Heres an example of someone doing a deep dive into installing and using OpenClaw. Its a good and personal experience which explains the impact this will have:
AI Maker - Is OpenClaw worth the hype?
RedHat and others are getting involved as well:
techcrunch.com - Redhats OpenClaw maintainer just made enterprise Claw deployments a lot safer
I’ll explain why NVidia and Google and other companies are at risk.
AI agents are no longer controlled by these companies. And more importantly, their models are no longer needed in the cloud - they can all be run locally and at whatever scale the local business or person wants.
The funding for nearly all of Google and NVidia comes from enterprise services. And these services will no longer be needed by businesses. They run their own OpenClaw agent and get everything they need without the NVidia agent or service.
An example: Lets consider an OpenClaw agent called Fred that has been setup as a search tool on the internet. Fred has been given specific website search systems to do their searches in, collate and rank the results and provide feedback on what it finds. This is what Google Search currently does, with advertising to make money. Fred, is installed on a mac minim with a local llama model and some other plugins. Fred is much more accurate because Fred’s owner is very particular about what search services they use and has far greater success with his searches as well as his results.

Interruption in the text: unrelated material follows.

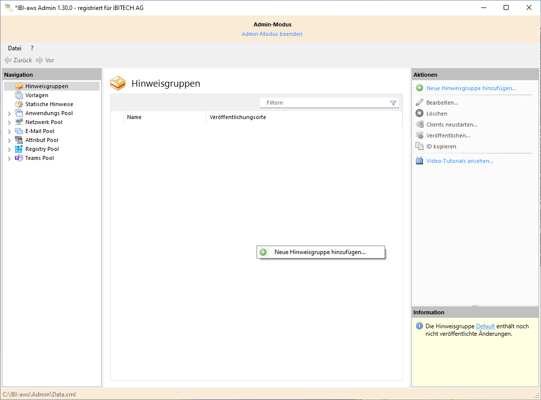 Um eine neue Hinweisgruppe anzulegen, wird der Menüpunkt Hinweisgruppe hinzufügen verwendet. Dieser Menüpunkt erscheint unter Aktionen, sobald in der Navigation der Eintrag Hinweisgruppen ausgewählt wird. Alternativ kann dieser Menüpunkt auch durch einen Rechtsklick im Inhalts-Bereich mittig erreicht werden.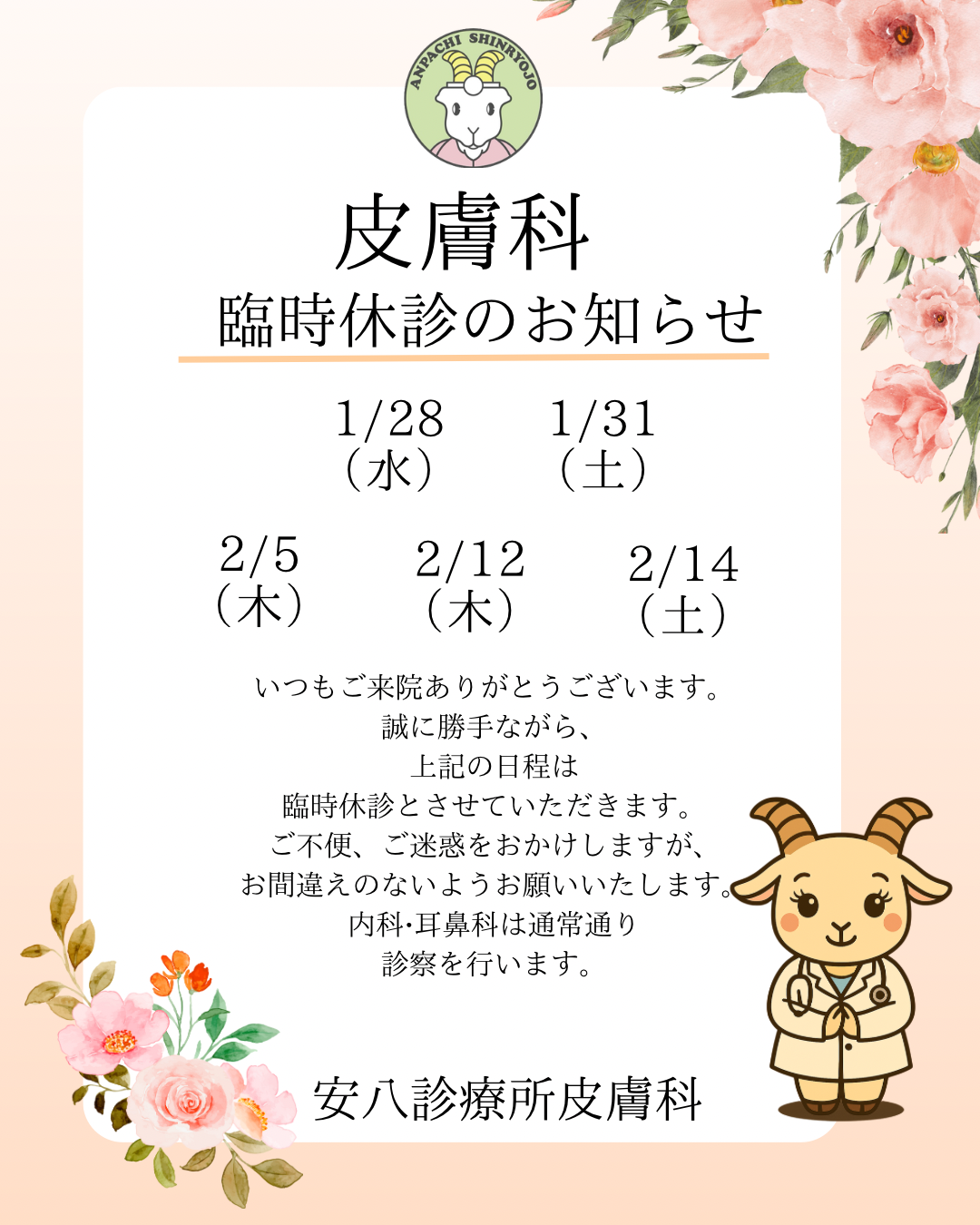 誠に勝手ながら、下記の日程は臨時休診とさせていただきます。ご不便、ご迷惑をおかけしますが、お間違えのないようお願いいたします。

This is a simple example. But right away, it is clear, this is a huge loss for Google revenue (advertising). Fred doesnt need it. Consider this problem on scale, as UI systems for OpenClaw improve and end up “common” for the average user - this will be the case in a few months time.
The ramifications for businesses everywhere that rely on selling a service are substantial.
There are potential ways for a business to utilize this tool, but it means changing what your business does and what it sells.
OpenClaw for Businesses
Most businesses are looking to leverage this giant wave of uptake of OpenClaw. There are clear ways to leverage the tool from a business perspective:
- Ensure your business model is not selling an agent or service. These will be supplanted.
- Move to a data sales and data integration model for you business. OpenClaw uses data and accounts to be able to do its work. If you make your “service” a data api or data system then you can be a great provider for OpenClaw agents and thus make profits from this.
- Build your own OpenClaw agents (in safe VMs) and trial how you can develop plugins for your own business that you can sell or provide to your customers. Doing this ensures you have some control over OpenClaw interactions with your data systems.
- Ignore it alltogether - yes, this is a valid strategy. In fact, I think this is the correct strategy if you want to survive this AI storm. Build important customer oriented systems. Build strong data systems with functional and referential capabilities in a traditional form (not AI). After this mess, you will be the winner.
If a business engages in developing OpenClaw based systems it needs to spend time on security and knowledge and skills for managing the agent and its IO systems. Logging, notifications, and limits are all requirements - not suggestions.